How to cite this URL:
Kapoor A. Systemic therapy in patients with genitourinary cancers during the COVID-19 pandemic. Cancer Res Stat Treat [serial online] 2020 [cited 2020 Sep 18];3:354-6. Available from: http://www.crstonline.com/text.asp?2020/3/2/354/287229



We congratulate the authors on bringing out the various aspects of managing patients with genitourinary cancers in this COVID era.[1] The authors have discussed in detail about the present strategies being employed for all the major cancers in the uro-medical oncology outpatient department (OPD). We would like to highlight a few more points in this regard.

Regimens with a longer interval (4-weekly nivolumab or 6-weekly pembrolizumab) are being used wherever feasible.[2] Nivolumab was already approved by the Food and Drug Administration (FDA) for a 4-weekly dose; the FDA has granted an accelerated approval to 6-weekly pembrolizumab at 400 mg across all indications in adult patients.[3] This latest approval has made life easier, for both the medical oncologists and the patients, by reducing the number of hospital visits and eliminating the need for transport and the resultant risk of exposure to the severe acute respiratory syndrome-coronavirus-2 (SARS-CoV-2). It should be noted that this approval was not based on the present scenario of the coronavirus disease 2019 (COVID-19), but on the previous scientific studies on the exposure–response evaluation of the 6-weekly pembrolizumab.[4],[5]

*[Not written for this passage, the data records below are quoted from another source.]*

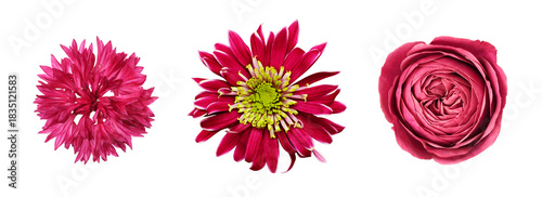© Ortis, Obraz premium Set of different red flowers (knapweed, rose, chrysanthemum) isolated on white or transparent background. Top view.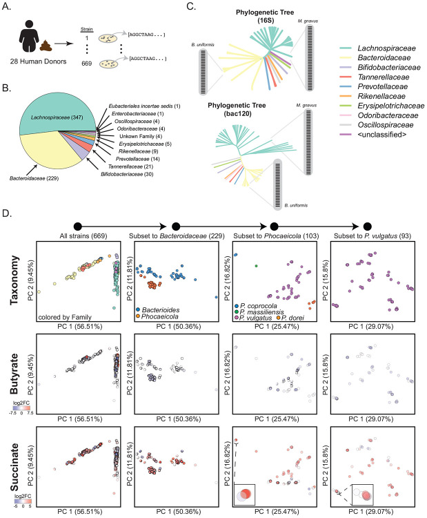 The human gut microbiome contains many bacterial strains of the same species ('strain-level variants'). Describing strains in a biologically meaningful way rather than purely taxonomically is an important goal but challenging due to the genetic complexity of strain-level variation. Here, we measured patterns of co-evolution across >7,000 strains spanning the bacterial tree-of-life. Using these patterns as a prior for studying hundreds of gut commensal strains that we isolated, sequenced, and metabolically profiled revealed widespread structure beneath the phylogenetic level of species. Defining strains by their co-evolutionary signatures enabled predicting their metabolic phenotypes and engineering consortia from strain genome content alone. Our findings demonstrate a biologically relevant organization to strain-level variation and motivate a new schema for describing bacterial strains based on their evolutionary history.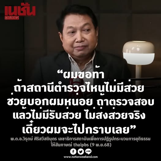 มีใครจะร่วมท้าเรื่อง "สถานีตำรวจไม่มีส่วย" ร่วมกับ พ.ต.อ.วิรุตม์ ไหม?

Another important strategic shift has been the increased use of oral metronomic chemotherapies, wherever they are feasible, and there are some data of their efficacy. The most commonly used regimen in the urooncology OPD is the combination of oral cyclophosphamide and low-dose dexamethasone in metastatic castration-resistant prostate cancer (mCRPC). In an Indian study, the prostate-specific antigen response rate was 44% in patients with mCRPC who failed or were not fit for docetaxel and/or abiraterone.[6] We tend to use this regimen in patients who have previously received docetaxel and abiraterone and are not fit to receive third-line injectable chemotherapy and/or have financial constraints for other possible treatments.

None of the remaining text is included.